TASK DATA:
======

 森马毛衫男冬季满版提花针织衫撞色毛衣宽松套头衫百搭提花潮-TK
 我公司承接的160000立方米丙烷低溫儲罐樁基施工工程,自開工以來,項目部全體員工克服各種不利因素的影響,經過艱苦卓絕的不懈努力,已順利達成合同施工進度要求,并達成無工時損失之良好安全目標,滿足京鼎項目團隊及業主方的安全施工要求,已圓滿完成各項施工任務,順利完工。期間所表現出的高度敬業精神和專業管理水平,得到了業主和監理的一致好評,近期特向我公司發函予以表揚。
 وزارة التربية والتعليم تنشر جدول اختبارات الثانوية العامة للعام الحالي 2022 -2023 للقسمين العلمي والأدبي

======

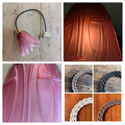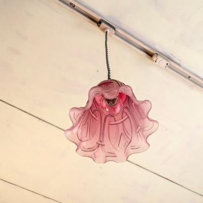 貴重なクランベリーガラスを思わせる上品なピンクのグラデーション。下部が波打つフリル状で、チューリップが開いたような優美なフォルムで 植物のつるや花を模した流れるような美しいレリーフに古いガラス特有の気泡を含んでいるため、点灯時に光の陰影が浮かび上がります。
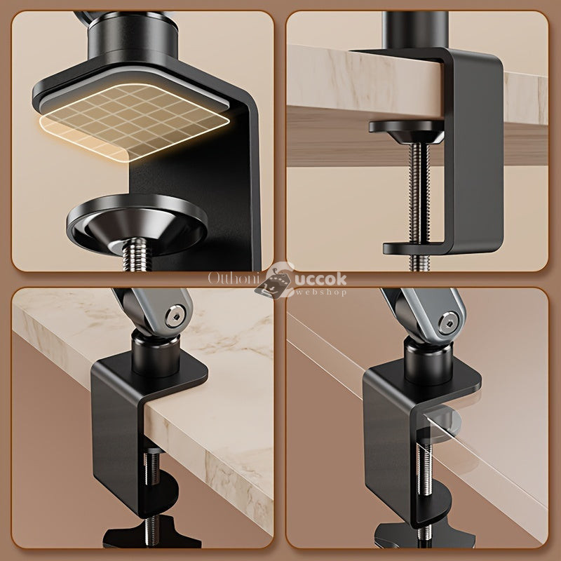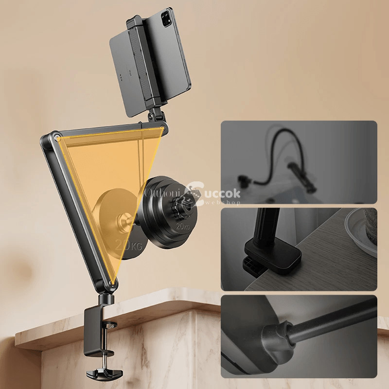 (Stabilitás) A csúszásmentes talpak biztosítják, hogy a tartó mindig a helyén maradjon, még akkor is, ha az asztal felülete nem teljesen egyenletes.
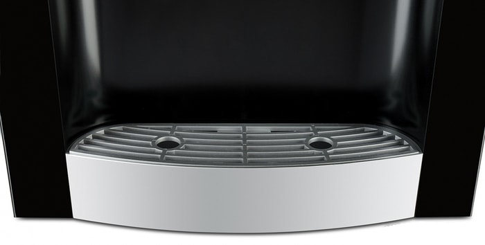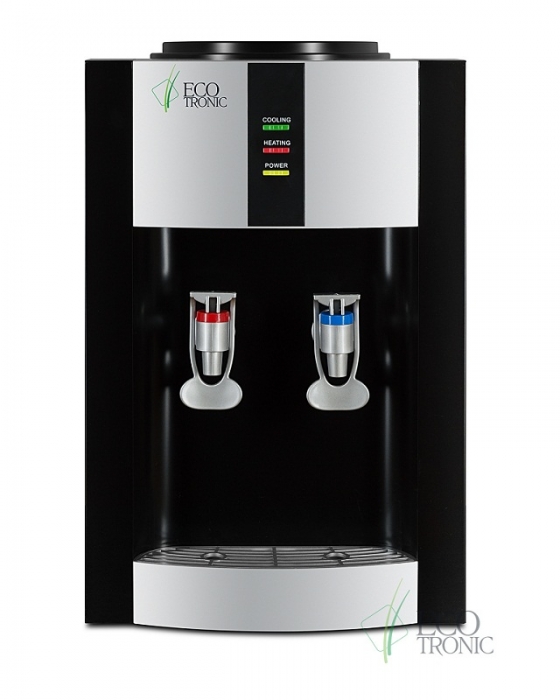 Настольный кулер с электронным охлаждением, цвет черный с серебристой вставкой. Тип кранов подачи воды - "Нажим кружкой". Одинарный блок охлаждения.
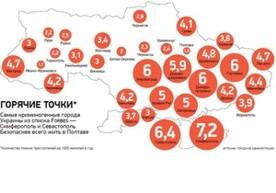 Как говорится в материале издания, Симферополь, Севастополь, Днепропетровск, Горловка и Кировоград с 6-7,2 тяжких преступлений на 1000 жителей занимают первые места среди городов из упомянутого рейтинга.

======

THE TASK: Reproduce exactly, and only, the part of the listing above that begins at the line with "森马毛衫男冬季满版提花针织衫撞色毛衣宽松套头衫百搭提花潮-TK" and goes on through the line with "وزارة التربية والتعليم".

RESPONSE TO THIS TASK:
 森马毛衫男冬季满版提花针织衫撞色毛衣宽松套头衫百搭提花潮-TK
 我公司承接的160000立方米丙烷低溫儲罐樁基施工工程,自開工以來,項目部全體員工克服各種不利因素的影響,經過艱苦卓絕的不懈努力,已順利達成合同施工進度要求,并達成無工時損失之良好安全目標,滿足京鼎項目團隊及業主方的安全施工要求,已圓滿完成各項施工任務,順利完工。期間所表現出的高度敬業精神和專業管理水平,得到了業主和監理的一致好評,近期特向我公司發函予以表揚。
 وزارة التربية والتعليم تنشر جدول اختبارات الثانوية العامة للعام الحالي 2022 -2023 للقسمين العلمي والأدبي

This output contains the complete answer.